The continent of Africa has gained yet another major submarine cable connection, as France Telecom-Orange and its consortium partners have officially brought the Africa Coast to Europe cable system online at a ceremony in The Gambia. The fiber itself has been in place for months, but now the whole thing is ready to roll.
ACE's 12,000km of fiber now connects France to no less than thirteen countries along the West African coast, plus terrestrial extensions into the landlocked nations of Mali and Niger and with another hookup for Nigeria planed for next year. For seven of those countries (The Gambia, Guinea, Equatorial Guinea, Liberia, Mauritania, Sao Tomé & Principe and Sierra Leone), it will be the first direct connectivity to the internet they have ever had.
With 40Gbps technology it's theoretical capacity will reach 5.12Tbps, although they're not starting off that big right away.

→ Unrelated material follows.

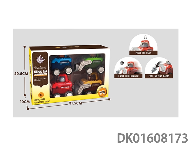 四款混装按压动物工程车4PC

The construction cost about $700M, more than a third of which came from the French. Orange has many subsidiaries sprinkled across the French speaking parts of the continent, and thus a vested interest in connecting them up.
Western Africa has seen its bandwidth options grow by leaps and bounds with WACS, MainOne, and GLO-1 online, and several projects planned for spanning the South Atlantic underway. One of those projects, Angola's 6,000km African Telecommunications cable connecting Luanda to Fortaleza, was officially launched earlier this week with completion projected for the end of 2014.